The close agreement between the predicted and true vector fields demonstrates that the HNN has not only learned to reproduce individual trajectories, but has also captured the global structure of the system’s dynamics throughout the entire phase space. The main differences are found at the boundaries of the plotted region, where the predicted vector field may deviate slightly from the true field. This is expected, as neural networks often generalize less accurately in regions with less training data. Nevertheless, the model faithfully represents the flow of the system in the central region, indicating that it has internalized the correct physical laws governing the pendulum’s motion.

Key Insights

When are Hamiltonian Neural Networks (HNNs) especially useful?

Long-term stability: HNNs shine when you need your model to respect energy conservation over long time horizons. This is crucial for simulating physical systems where even tiny errors can add up and cause unrealistic results.
Limited data: Because HNNs encode physical laws directly into their structure, they can often learn accurate dynamics from less data than a standard neural network would require.
Physical consistency: If you care about interpretability and want your model’s predictions to make physical sense (e.g., obeying conservation laws), HNNs are a great choice.

But HNNs are not a silver bullet. Some limitations to keep in mind:

Conservative systems only: HNNs assume the system doesn’t lose energy (no friction or dissipation). They’re not designed for systems where energy leaks away.
Need phase space: You must be able to describe your system in terms of positions and momenta, \((\vb{q}, \vb{p})\). This isn’t always straightforward for every problem.
Training complexity: The loss function involves gradients of the neural network output, which can make training trickier and sometimes slower than standard approaches.

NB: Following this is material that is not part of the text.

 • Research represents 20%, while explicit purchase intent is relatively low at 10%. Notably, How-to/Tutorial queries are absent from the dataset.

Tips for successful HNN implementation:

Choose your coordinates wisely: Pick generalized coordinates \(\vb{q}\) that naturally fit your system. The right choice can make learning much easier.
Use symplectic integrators: When integrating trajectories, symplectic methods help preserve the geometric structure of phase space, leading to more accurate long-term predictions.
Preprocess your data: Make sure momentum and position variables are properly scaled. Good preprocessing can make a big difference in training stability and performance.

Conclusion

Hamiltonian Neural Networks beautifully demonstrate how classical physics and modern machine learning can be unified. By parameterizing the Hamiltonian—the fundamental quantity that generates dynamics—rather than the dynamics themselves, HNNs automatically incorporate conservation laws and symplectic structure.

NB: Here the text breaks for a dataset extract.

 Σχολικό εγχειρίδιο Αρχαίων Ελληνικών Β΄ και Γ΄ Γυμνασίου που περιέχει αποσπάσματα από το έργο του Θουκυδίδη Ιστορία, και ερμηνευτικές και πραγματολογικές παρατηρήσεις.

This is not just mathematically elegant; it is also practically powerful. HNNs train faster, generalize better, and maintain physical consistency over long time horizons. They represent a paradigm where we don’t just use neural networks to approximate physical systems, but embed physical principles directly into the learning architecture.

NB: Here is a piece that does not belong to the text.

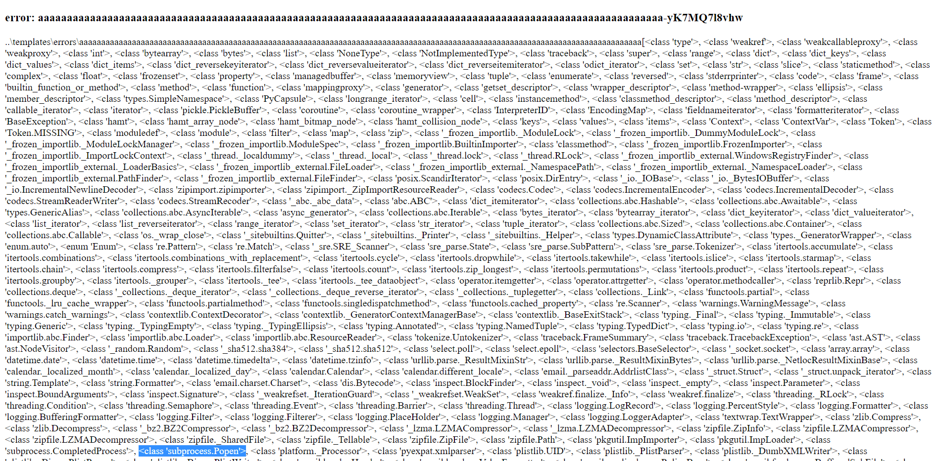 p = "..\\templates\\errors\\" + "a" * 128 + "{{ ''[request.args.get('class')].mro()[1][request.args.get('subclasses')]() }}"When we access the index page with the filename passed into error, we get an internal server error. This is because we didn’t pass in the class or subclasses query parameters. After setting them to __class__ and __subclasses__, respectively, a whole bunch of stuff is rendered.

The journey from Newton’s \(\vb{F} = m\vb{a}\) to Hamiltonian Neural Networks shows how different formulations of the same physics can lead to dramatically different computational approaches. As we continue to develop AI systems that interact with the physical world, this marriage of physics and learning will become increasingly important.

The future of scientific computing lies not in replacing physical knowledge with pure data-driven approaches, but in finding clever ways to combine the best of both worlds. Hamiltonian Neural Networks point the way forward.

References

Goldstein, Herbert, Charles P. Poole, and John L. Safko. 2008. Classical Mechanics. 3. ed., [Nachdr.]. San Francisco Munich: Addison Wesley.

Greydanus, Sam, Misko Dzamba, and Jason Yosinski. 2019. “Hamiltonian Neural Networks.” arXiv. https://doi.org/10.48550/arXiv.1906.01563.

José, Jorge V., and Eugene J. Saletan. 2006. Classical Dynamics: A Contemporary Approach. 6th printing. Cambridge: Cambridge Univ. Press.

Taylor, John R. 2005. Classical Mechanics. Nachdr. Sausalito, Calif: University Science Books.